Ratoon stunting disease (RSD), caused by Leifsonia xyli subsp. xyli (Lxx), is one of the most important diseases that limits sugarcane production worldwide. A scientific understanding of the distribution, occurrence, and damage of RSD in cane-growing areas will provide basal information for the application of effective RSD control strategies. In the present study, the occurrence and distribution of RSD were surveyed in the 21 cane-growing regions of Yunnan and Guangxi Provinces of China from 1270 samples using a PCR-based assay. The results showed that 949 samples (74.7% out of 1270) were positive for the presence of RSD. In Yunnan and Guangxi provinces, RSD was detected in all 21 cane-growing areas at rates of 65.5–88% and in the 33 main cultivars at rates of 48.9–100%. The results also showed that plant crop and ratoons from both irrigated and rainfed fields were infected with RSD. Thus, RSD has become an established disease that seriously restricts the development of the cane-sugar industry in China due to cane yield loss, a shortened ratoon period, and cultivar degeneration. Effective control of RSD presents a major challenge to the further development of the sugarcane industry in China. The results of our survey indicated that under the field condition, the main cultivars grown over large areas, including Guitang 94-119, Yuetang 93-159, Yuetang 00-236, and Guitang 11 showed high RSD incidence rates, suggesting that the focus on these cultivars should be the production, propagation, application and extension of healthy, bacteria-free seedlings.
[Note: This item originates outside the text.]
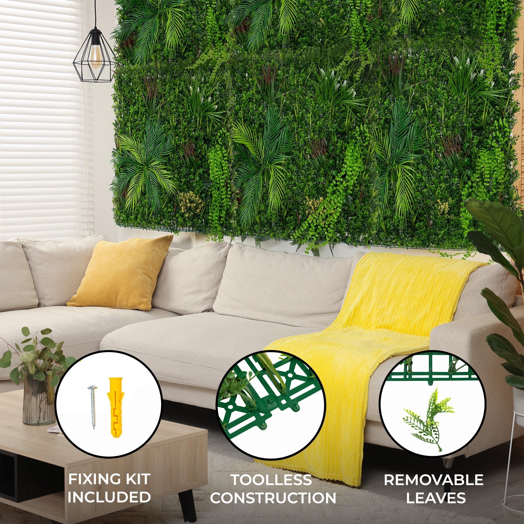 Measuring 100cm x 100cm, these tiles offer expansive coverage, allowing you to effortlessly create the look of a realistic plant wall. Designed for both impact and practicality, their structured yet flexible form ensures a seamless fit, whether you're enhancing a small feature area or covering an entire surface with vibrant greenery.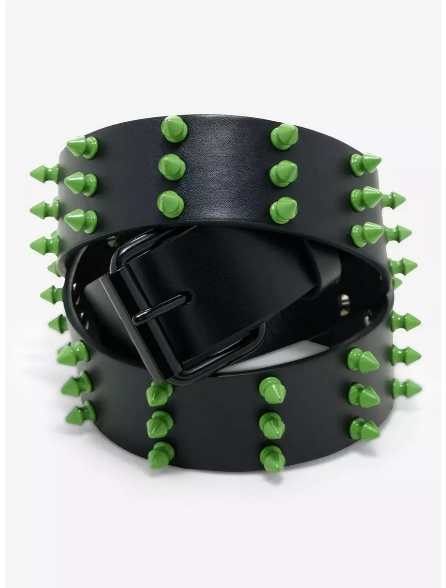 Add a pop of green to your look with this faux leather belt featuring three rows of green spike studs.

Relatively low RSD incidence rates were found in the cultivars Liucheng 03-1137, Liucheng 05-136, Yuanlin 1, ROC22, and F95-8899. Further research is required to determine if these cultivars are resistant and can be used to reduce the incidence of the disease and for breeding RSD resistant sugarcane cultivars. Sequencing of 100 PCR products selected randomly from sugarcane samples that tested positive for RSD showed that all 100 sequences were identical and highly homologous to the previously published Lxx 16S–23S spacer region in GenBank (99.54–100% similarity).